Efemérides. Jorge Ibargüengoitia


Hoy sería el cumpleaños número 88 de Jorge Ibargüengoitia de no haber muerto hecho trizas en un avionazo cuando sólo contaba con 55 años. Para el día de la tragedia, Jorge ya nos había regalado una versión distinta, más inteligente y veraz, de nuestra historia en dos novelas que todos deberíamos leer como requisito para obtener el pasaporte: “Los relámpagos de Agosto” y “Los pasos de López”.

También había encontrado en el corazón de todo mexicano un pueblecillo conservador y ridículo llamado Cuévano que nos hace afectos a la impostura de la corrección política; devotos de la supuesta dignidad de nuestro nacionalismo; reacios a cualquier cosa que critique nuestra mezquindad, nuestro desorden, nuestra injusticia, nuestro mal gusto.

Jorge descubrió que el mexicano, empezando por él mismo, es ante todo un ídolo acartonado que se toma a sí mismo con una seriedad que no merece.

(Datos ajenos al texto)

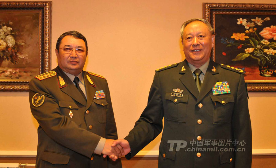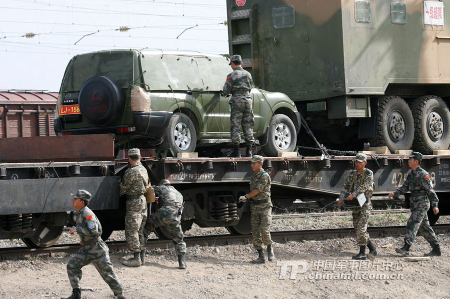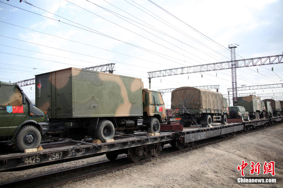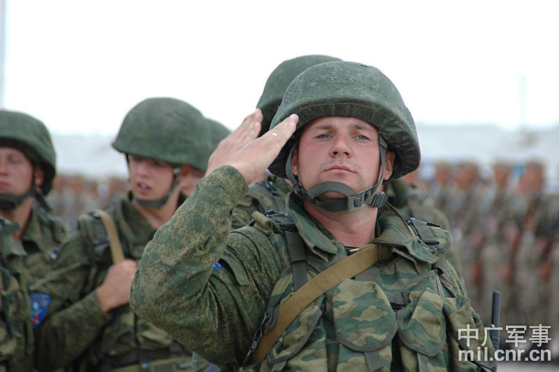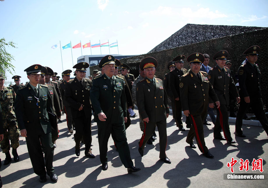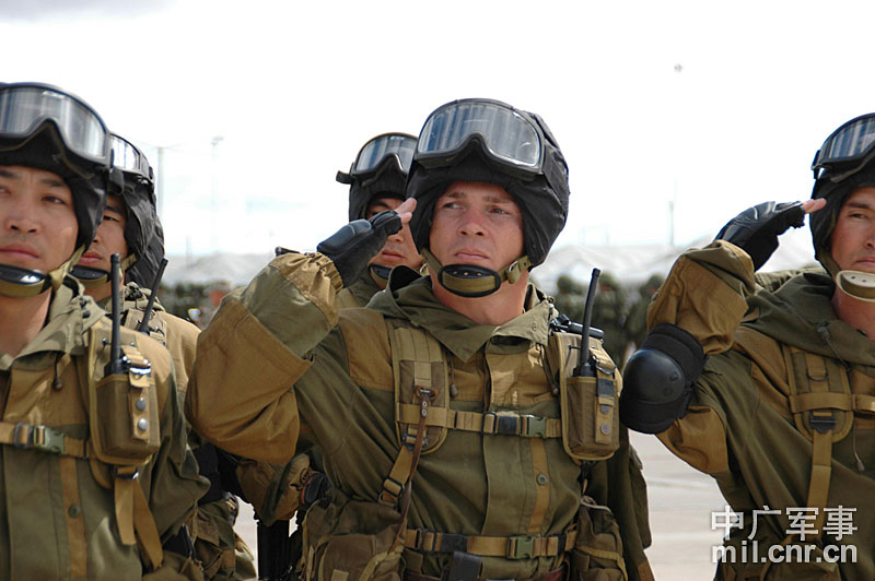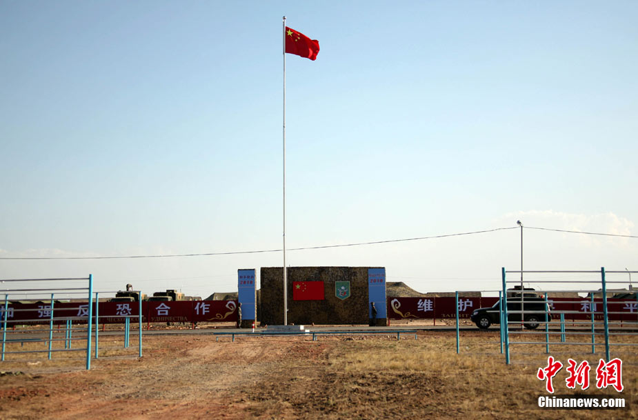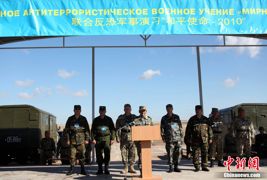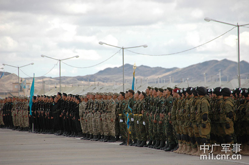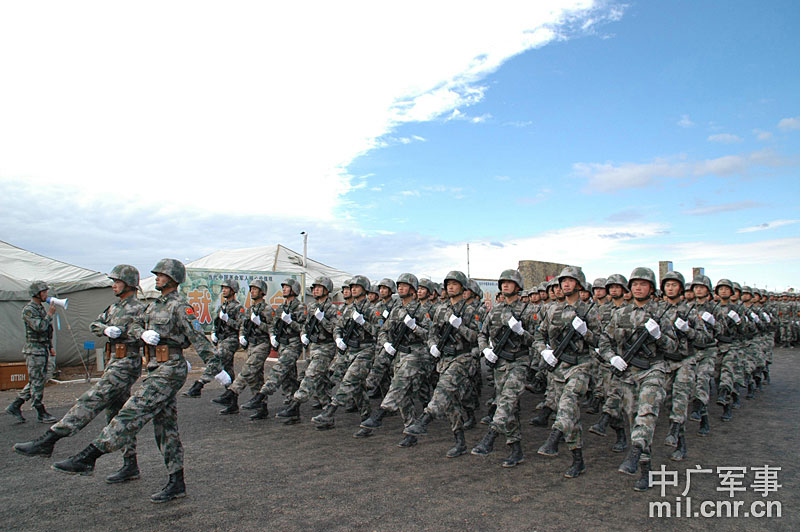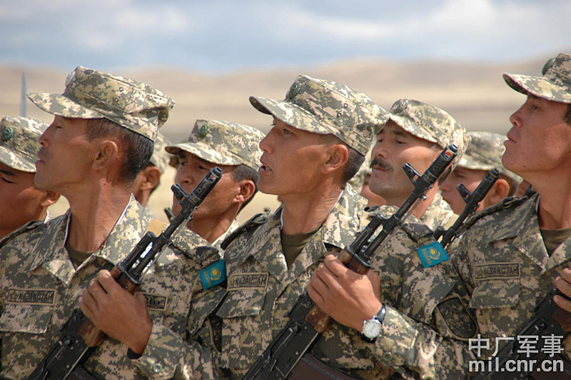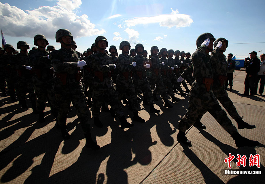 9月13日,“和平使命-2010”上海合作組織聯(lián)合反恐軍事演習(xí)在哈薩克斯坦馬特布拉克訓(xùn)練場舉行盛大的開訓(xùn)儀式,標(biāo)志著這次聯(lián)合軍演由戰(zhàn)役磋商階段正式轉(zhuǎn)入戰(zhàn)役準(zhǔn)備階段。隨后,哈、中、吉、俄、塔五方參演部隊(duì)依次舉行分列式,圖為中方參演部隊(duì)邁著矯健的步伐從開訓(xùn)儀式主席臺前列隊(duì)走過,接受檢閱。中新社記者 孫自法 攝

Lejos de cualquier pedagogía o moralismo, Ibargüengoitia parece sugerir que la burla despiadada es una de las pocas vías que nos quedan para transformar nuestra realidad. Como es bien sabido, no hay mejor forma de honrar a un escritor que leyéndolo:

La Ley de Herodes

Sarita  me sacó del fango, porque antes de conocerla el porvenir de la Humanidad me tenía sin cuidado. Ella me mostró el camino del espíritu, me hizo enten­der que todos los hombres somos iguales, que el único ideal digno es la lucha de clases y la victoria del pro­letariado; me hizo leer a Marx, a Engels y a Carlos Fuentes, ¿y todo para qué? Para destruirme después con su indiscreción.
No quiero discutir otra vez por qué acepté una beca de la Fundación Katz para ir a estudiar en los Estados Unidos. La acepté y ya. No me importa que los Estados Unidos sean un país en donde existe la explotación del hombre por el hombre, ni tam­poco que la Fundación Katz sea el ardid de un capitalista (Katz) para eludir impuestos. Solicité la beca, y cuando me la concedieron la acepté; y es más, Sarita también la solicitó y también la aceptó. ¿Y qué? 
Todo iba muy bien hasta que llegamos al examen médico… No me atrevería a continuar si no fuera porque quiero que se me haga justicia. Necesito jus­ticia. La exijo. Así que adelante…

La Fundación Katz sólo da becas a personas fuertes como un caballo y el examen médico es muy riguroso.

No discutamos este punto. Ya sé que este examen médico es otra de tantas argucias de que se vale el FBI para investigar la vida privada de los mexica­nos. Pero adelante. El examen lo hace el doctor Philbrick, que es un yanqui que vive en las Lomas (por supuesto), en una casa cerrada a piedra y cal y que cobra… no importa cuánto cobra, porque lo pagó la Fundación. La enfermera, que con seguridad traicionó la Causa, puesto que su acento y rasgos faciales la delatan como evadida de la Europa Libre, nos dijo a Sarita y a mí, que a tal hora tomáramos tantos más cuantos gramos de sulfato de magnesia y que nos presentáramos a las nueve de la mañana si­guiente con las “muestras obtenidas” de nuestras dos funciones.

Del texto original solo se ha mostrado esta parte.